Munby’s recommendations for handling DoLS cases

Topics covered: Ridouts professional advice

In the recent judgment, Re X and others (Deprivation of Liberty) [2014] EWCOP 25, the president of the Court of Protection Sir James Munby, set out a broad framework for handling deprivation of liberty cases compliant with the European Convention on Human Rights.

Munby claimed that a new system would help the court deal with the ‘significant increase’ in cases which are expected following the Cheshire West Supreme Court ruling. Munby said that although it was not yet clear how many more deprivation of liberty cases there would be, a standardised ‘streamlined’ process was needed to deal with them. He also said that he wanted a system where some cases could be decided “without an oral hearing”.

Speaking about the judgment, Roger Hargreaves the DoLS lead at the Mental Health Alliance, said: “This is only a preliminary judgement, without reasoning or any reference to the submissions made by the 22 lawyers who appeared at the hearing, nor does it deal with the issue of urgent applications for Deprivation of liberty safeguards which local authorities can’t process within the time limits.

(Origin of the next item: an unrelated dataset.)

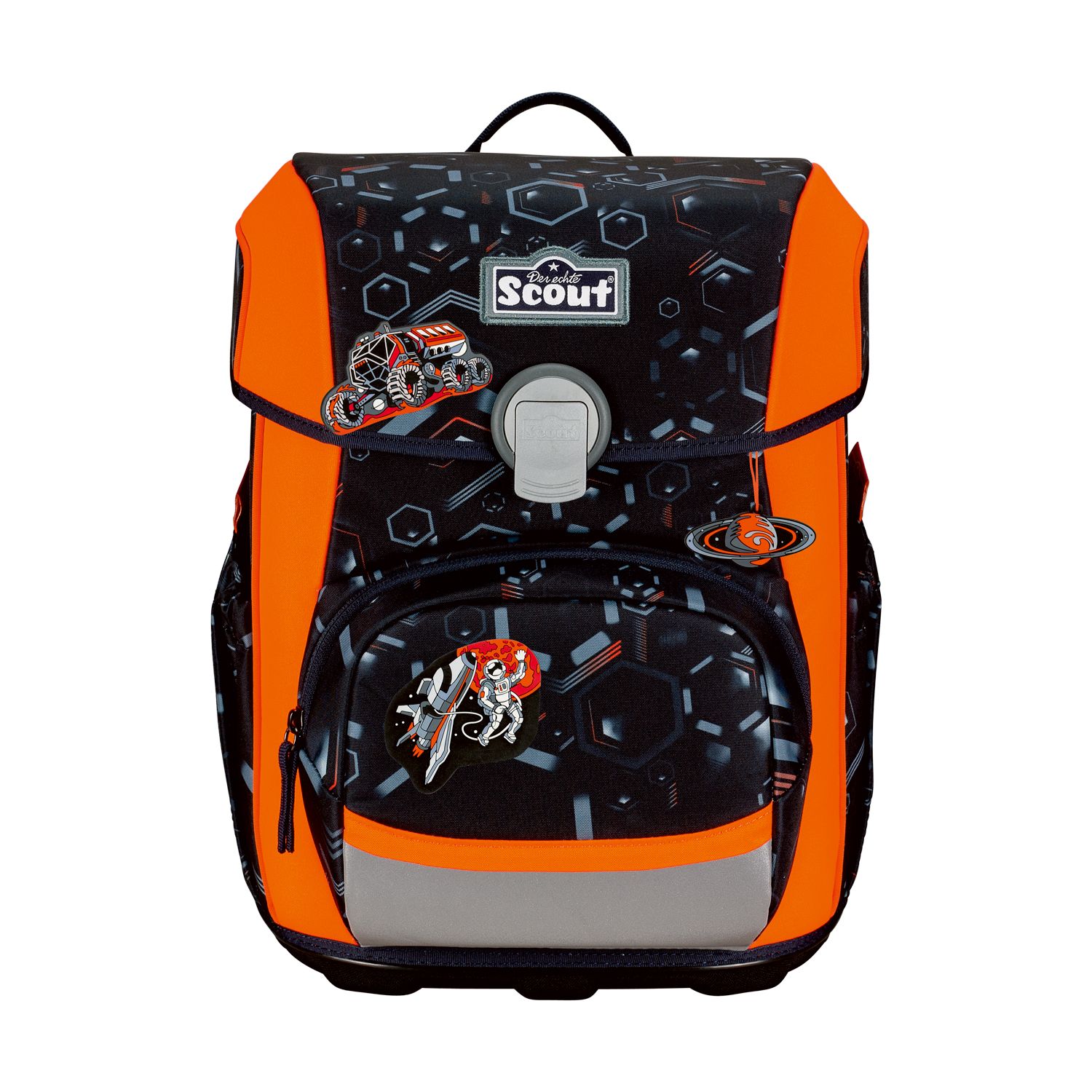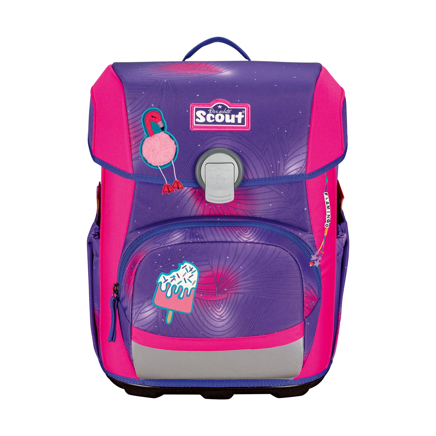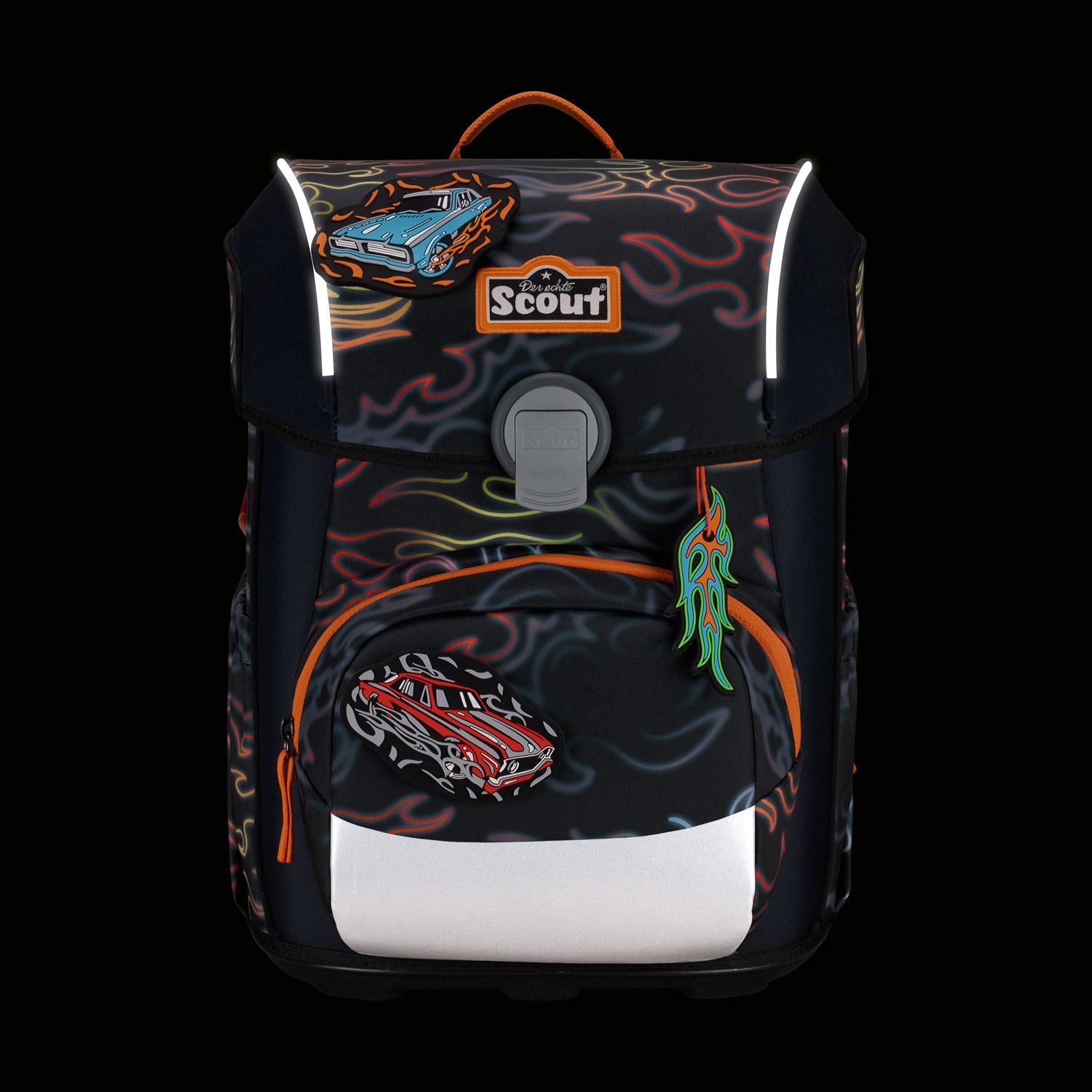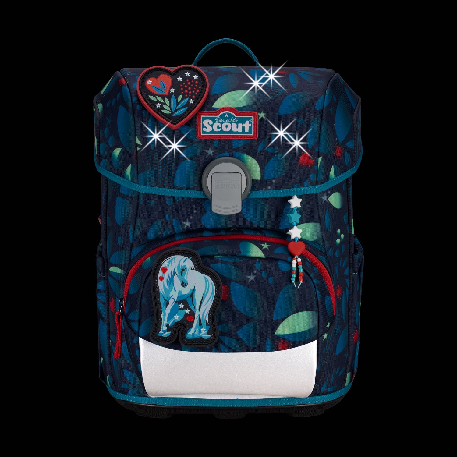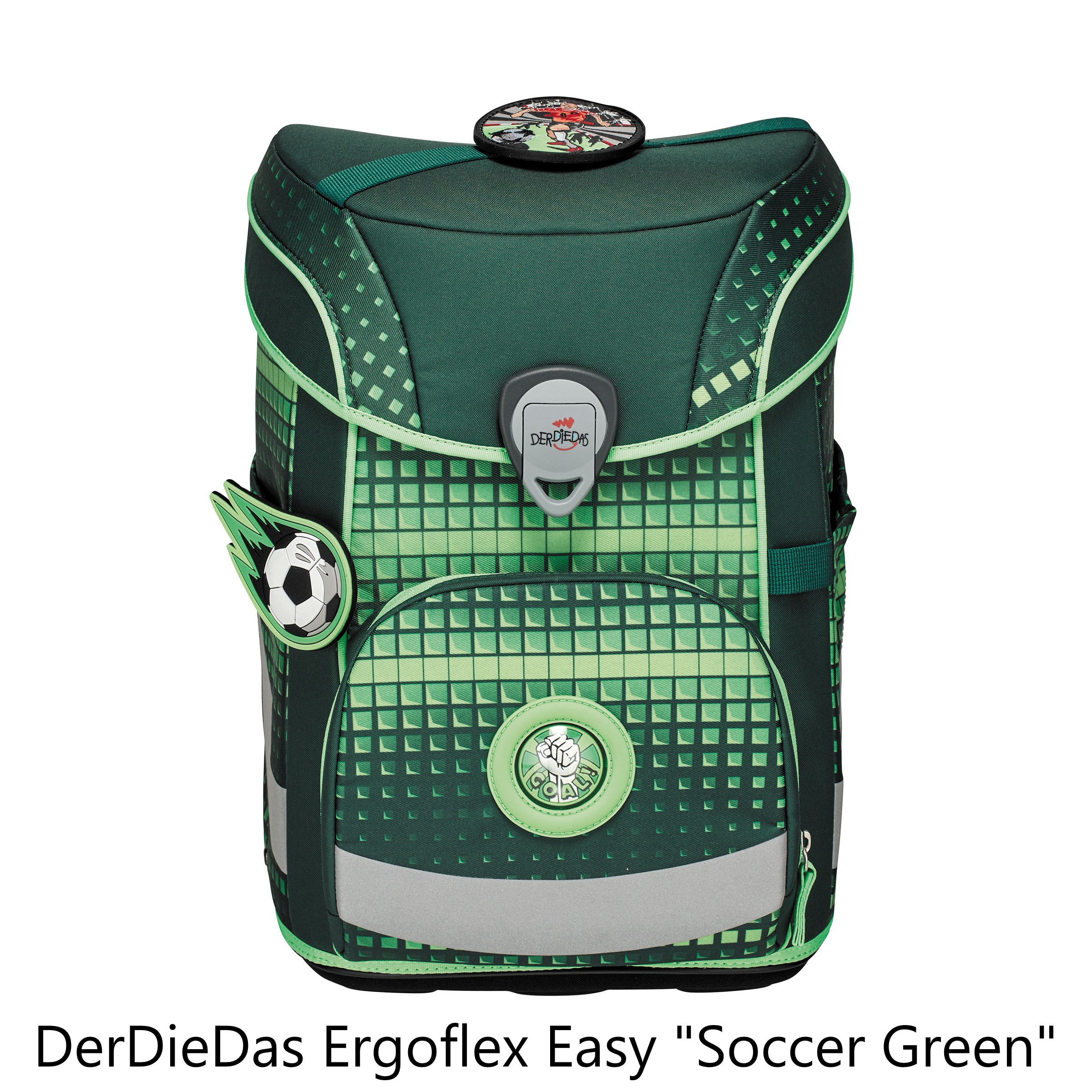 Der smarte Allrounder. Durchdachte Konstruktion mit schlanker Form. Flacher Deckel für viel Bewegungsfreiheit. Große Vordertasche für jede Menge Stauraum. Geräumige, dehnbare Seitentaschen. Auf dem Weg zur Schule ist Sicherheit das A und O. Farbenfrohe Designs ziehen bei Tageslicht die Blicke auf sich. Dank retroreflektierender und fluoreszierender Flächen nach DIN-Norm 58124 sind Schulkinder aber auch in der Dämmerung und bei Dunkelheit kaum zu übersehen.Maße:ca. 30 x 38 x 27 cm, Gewicht:ca. 1250 Gramm, Volumen:ca. 21,5 Liter Volumen, Schulranzen-Set 4-teilig bestehend aus: Schulranzen, Sportbeutel, Federmäppchen mit Staedtler Qualitätsbuntstiften, Schlamperetui.

Whether or not they comply with the minimum requirements of Article 5 or other ECHR Articles, the relevant question is whether these “streamlined” procedures will in practice deliver for people in supported living at least the same level of safeguards as are available to people in care homes or hospitals who are eligible for DoLS. The clear answer to that is no, for four reasons.”

The four reasons set out by Roger Hargreaves were as follows: “First of all, there is no equivalent of the relevant person’s representative or right to the support of an IMCA, and therefore no-one to protect the interests of someone who is not themself able to clearly express an objection or a wish to challenge the application. Whether or not such a wish becomes known to the judge will therefore depend entirely on the diligence and good faith of the local authority making the application. Secondly, there may be a very low level of medical input. It appears that all the medical evidence, including evidence of incapacity, could come from the GP, where the DoLS procedure requires the medical assessor to have psychiatric experience and additional training”.

Mr Hargreaves’ third reason was, “…there is no provision for an independent best-interests assessment from a qualified assessor, which is the crucial safeguard in DoLS. If they aren’t represented, the only view of the person’s best interests which the judge will hear will be that of the local authority.”

He said: “Fourthly, it is likely that most cases will be reviewed no more than annually. At least until the Cheshire West judgement, it was common practice for BIAs to make very short authorisations in order to ensure an early review and to apply pressure for changes in care arrangements to be made, and this has been one of the most valuable aspects of DoLS. The effect of this will be that in those cases dealt with on paper only with the person unrepresented, which are likely to be the vast majority, all the evidence before the judge will be from the local authority, and unless that authority is very scrupulous in determining and reporting the person’s own views and wishes and those of their family, or in identifying potential flaws in its own argument and possible alternative course of action, even an experienced judge would be unable to do more than rubber stamp its application.”